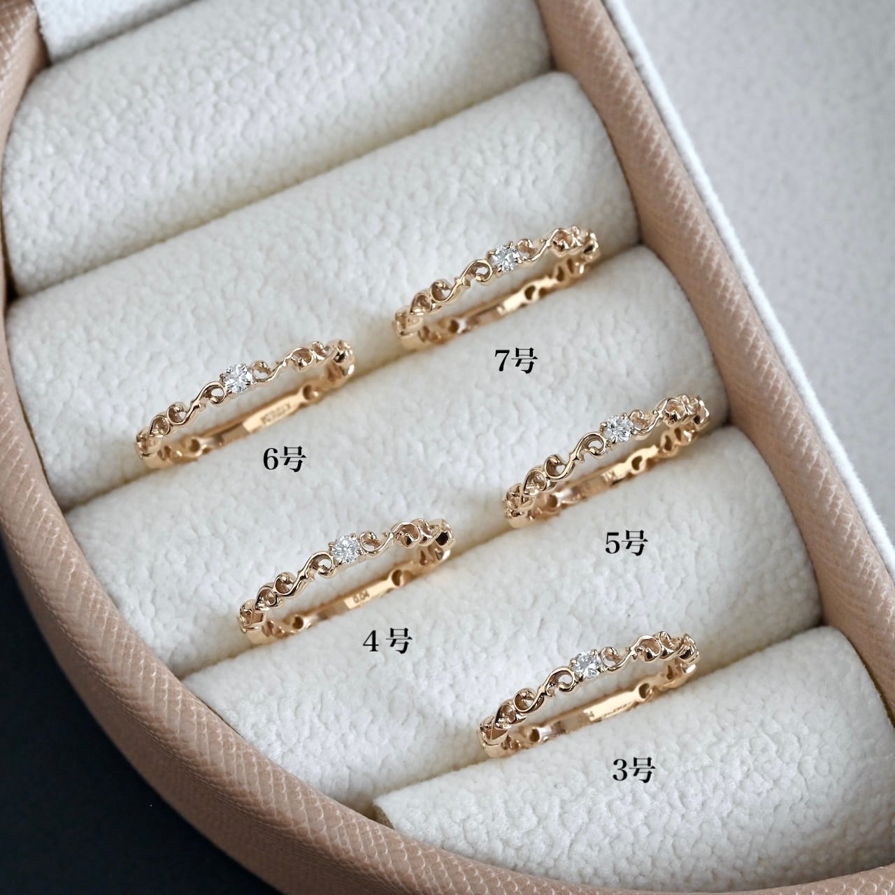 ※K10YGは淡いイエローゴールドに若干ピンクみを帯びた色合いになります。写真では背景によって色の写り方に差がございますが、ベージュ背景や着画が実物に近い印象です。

++++

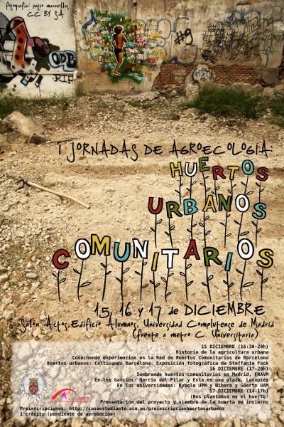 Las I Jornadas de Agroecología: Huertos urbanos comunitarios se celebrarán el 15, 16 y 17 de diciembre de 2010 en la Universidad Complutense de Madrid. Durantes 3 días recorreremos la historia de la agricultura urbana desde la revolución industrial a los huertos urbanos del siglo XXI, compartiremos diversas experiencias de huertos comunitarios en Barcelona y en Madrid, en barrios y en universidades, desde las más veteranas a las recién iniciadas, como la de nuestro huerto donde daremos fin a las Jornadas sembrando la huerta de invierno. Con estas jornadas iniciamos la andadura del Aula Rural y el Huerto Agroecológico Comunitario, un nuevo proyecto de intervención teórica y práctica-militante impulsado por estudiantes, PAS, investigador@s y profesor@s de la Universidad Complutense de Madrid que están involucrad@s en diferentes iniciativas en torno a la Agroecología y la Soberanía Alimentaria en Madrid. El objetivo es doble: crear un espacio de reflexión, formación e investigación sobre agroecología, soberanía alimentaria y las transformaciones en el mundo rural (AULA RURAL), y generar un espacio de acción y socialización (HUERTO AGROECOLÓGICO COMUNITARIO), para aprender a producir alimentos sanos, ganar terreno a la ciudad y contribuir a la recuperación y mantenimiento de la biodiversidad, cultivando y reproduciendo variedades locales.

++++

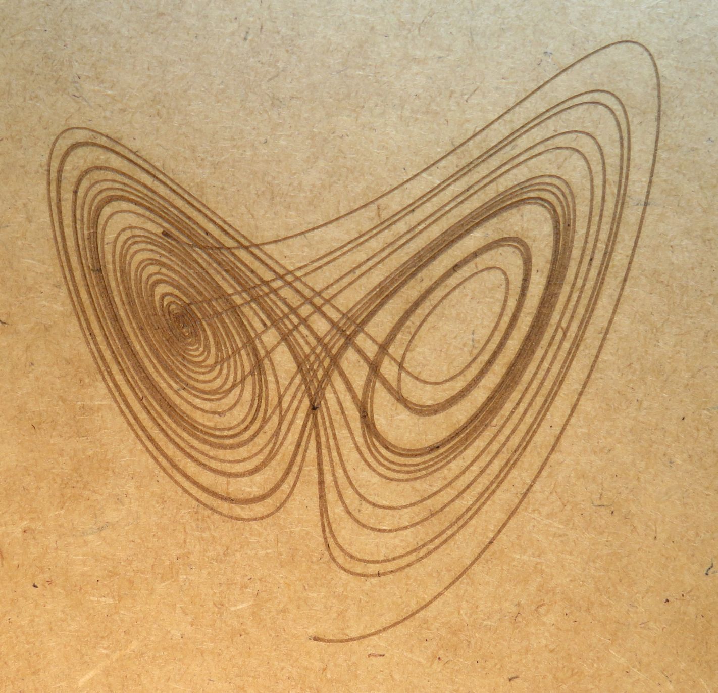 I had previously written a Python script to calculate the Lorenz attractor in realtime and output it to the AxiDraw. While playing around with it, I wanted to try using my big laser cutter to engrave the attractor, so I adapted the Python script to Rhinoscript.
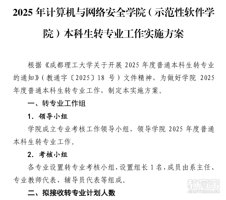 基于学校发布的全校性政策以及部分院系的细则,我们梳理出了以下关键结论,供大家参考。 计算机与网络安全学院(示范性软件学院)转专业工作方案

++++

### TASK
Return the material from the line containing "I had previously" through the line containing "基于学校发布的全校性政策以及", exactly and in full, but without its pictures.

### FINISHED TASK
 I had previously written a Python script to calculate the Lorenz attractor in realtime and output it to the AxiDraw. While playing around with it, I wanted to try using my big laser cutter to engrave the attractor, so I adapted the Python script to Rhinoscript.
 基于学校发布的全校性政策以及部分院系的细则,我们梳理出了以下关键结论,供大家参考。 计算机与网络安全学院(示范性软件学院)转专业工作方案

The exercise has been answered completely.